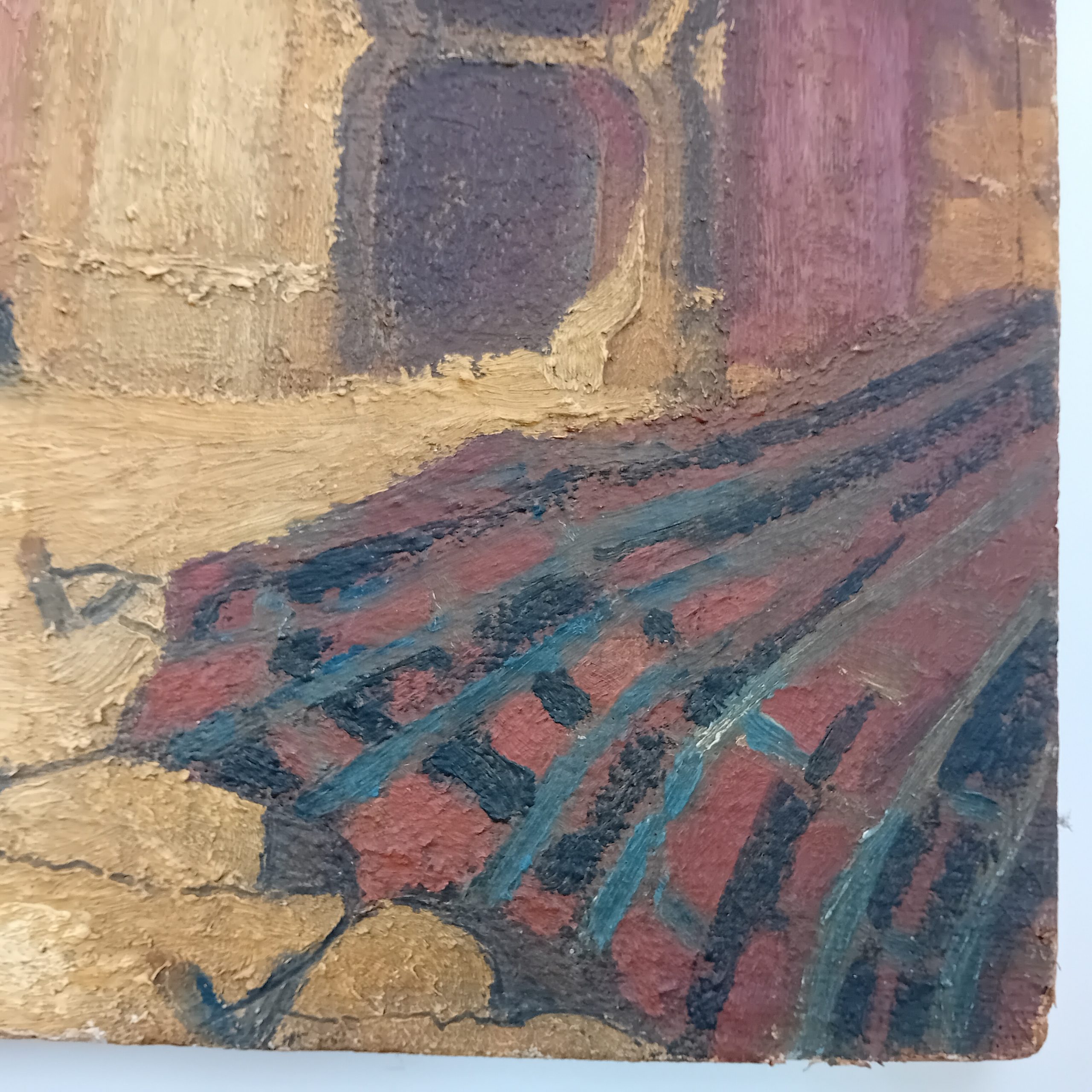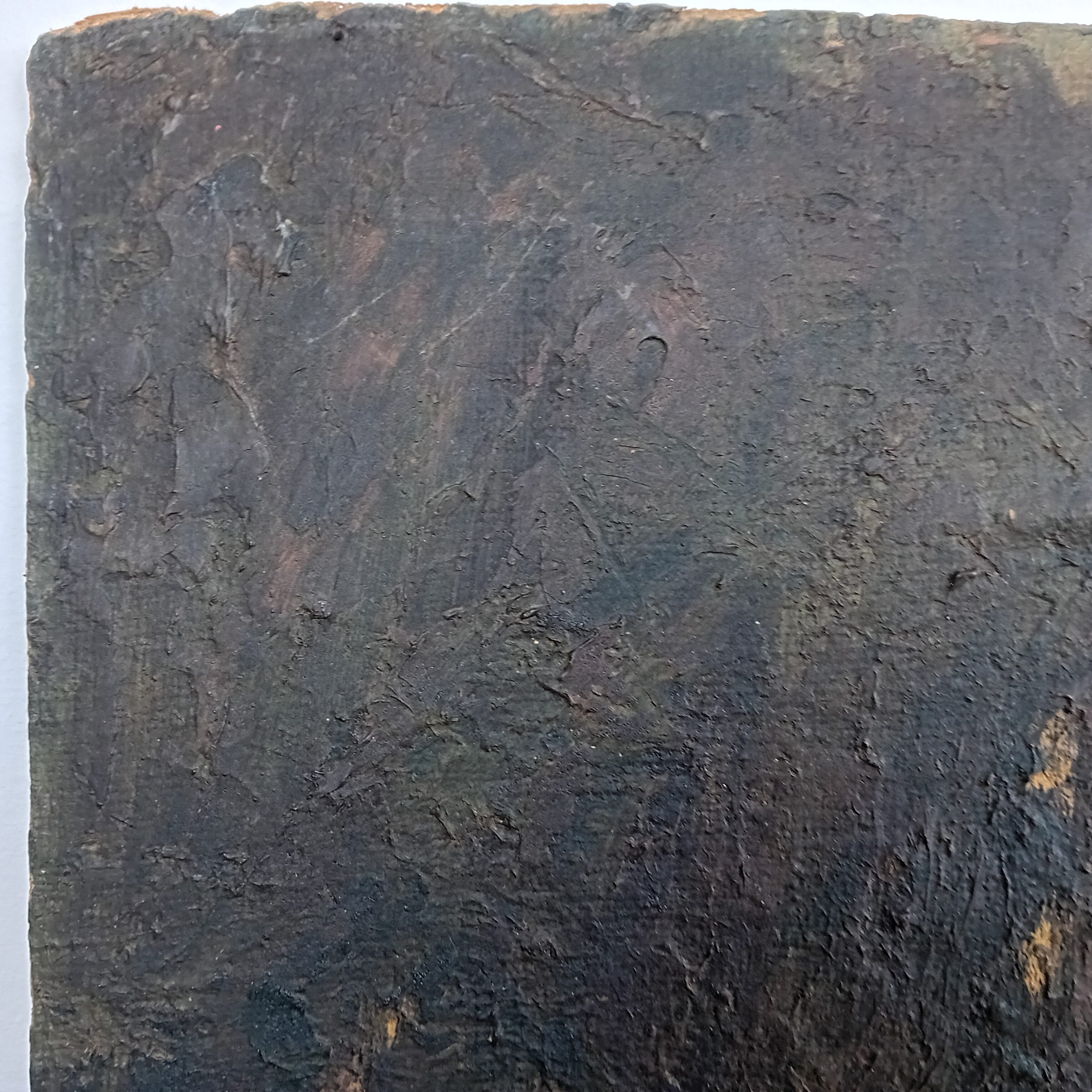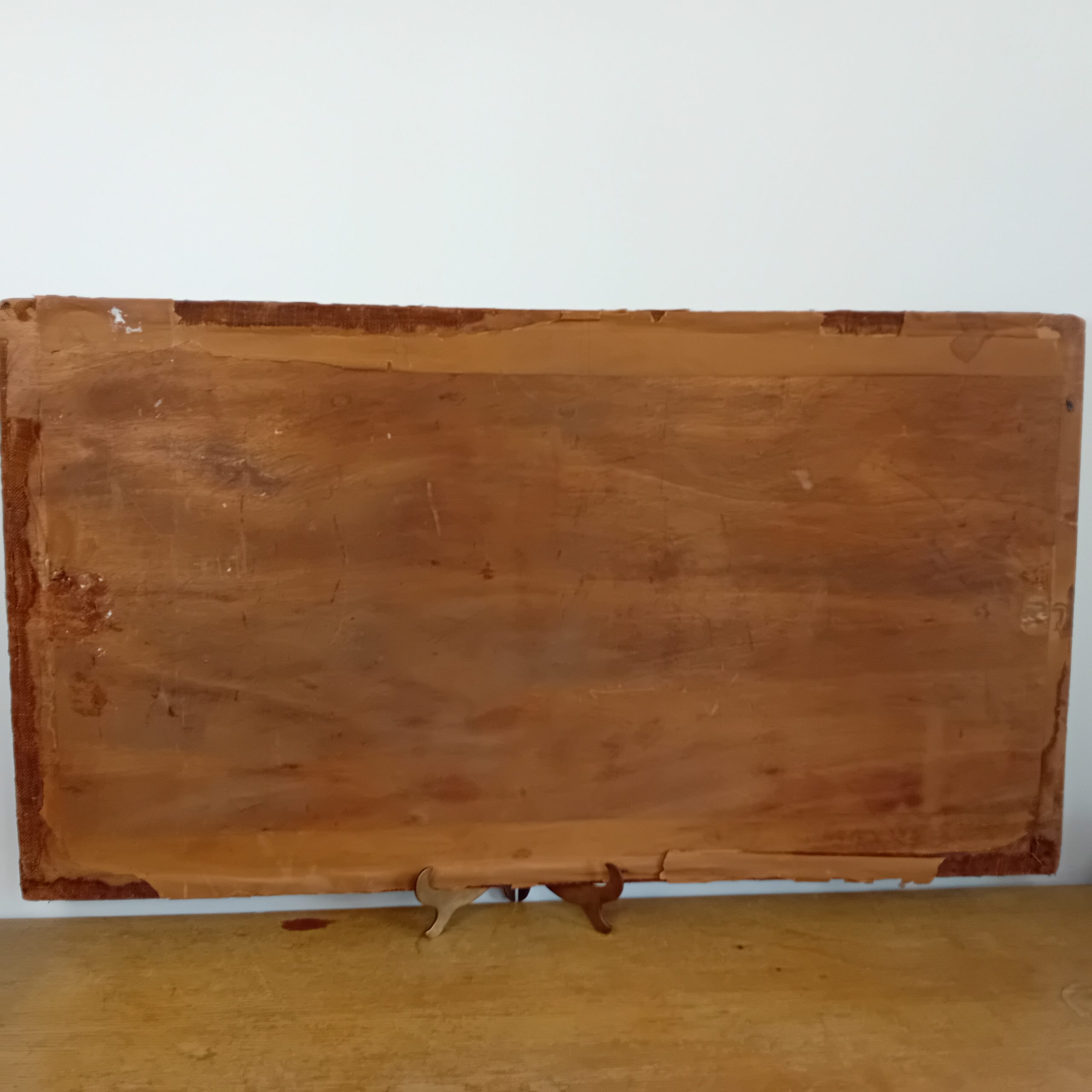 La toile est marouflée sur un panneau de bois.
...
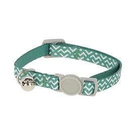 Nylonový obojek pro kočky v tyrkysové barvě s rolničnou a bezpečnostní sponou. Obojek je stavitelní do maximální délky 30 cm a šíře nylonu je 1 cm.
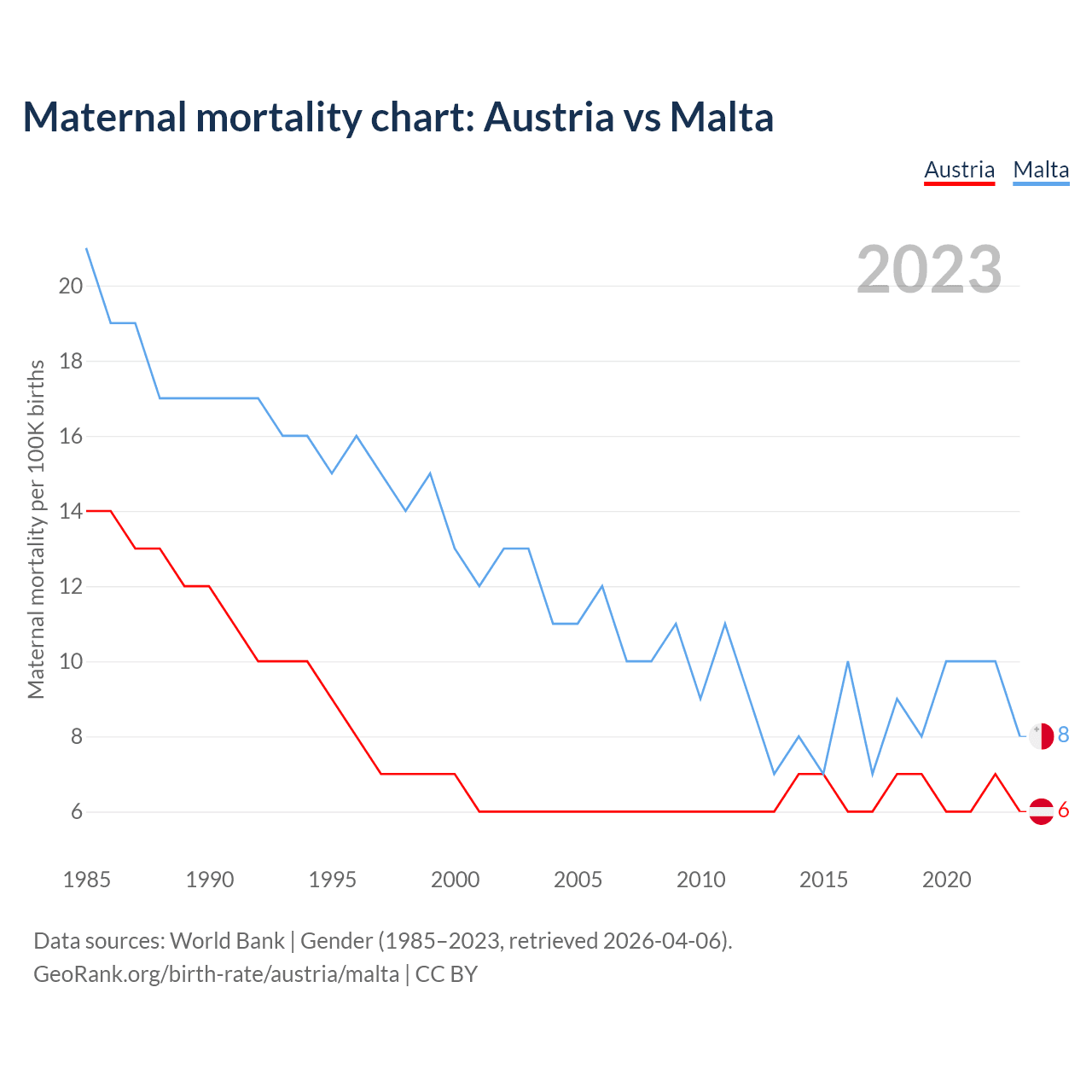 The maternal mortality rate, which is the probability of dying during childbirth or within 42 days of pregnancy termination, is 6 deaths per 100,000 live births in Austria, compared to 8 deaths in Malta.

THE TASK — Copy exactly the material above from the line with "Nylonový obojek pro" to the line with "The maternal mortality", ends included, and nothing else. Leave out any picture.

RESULT FOR THIS TASK —
 Nylonový obojek pro kočky v tyrkysové barvě s rolničnou a bezpečnostní sponou. Obojek je stavitelní do maximální délky 30 cm a šíře nylonu je 1 cm.
 The maternal mortality rate, which is the probability of dying during childbirth or within 42 days of pregnancy termination, is 6 deaths per 100,000 live births in Austria, compared to 8 deaths in Malta.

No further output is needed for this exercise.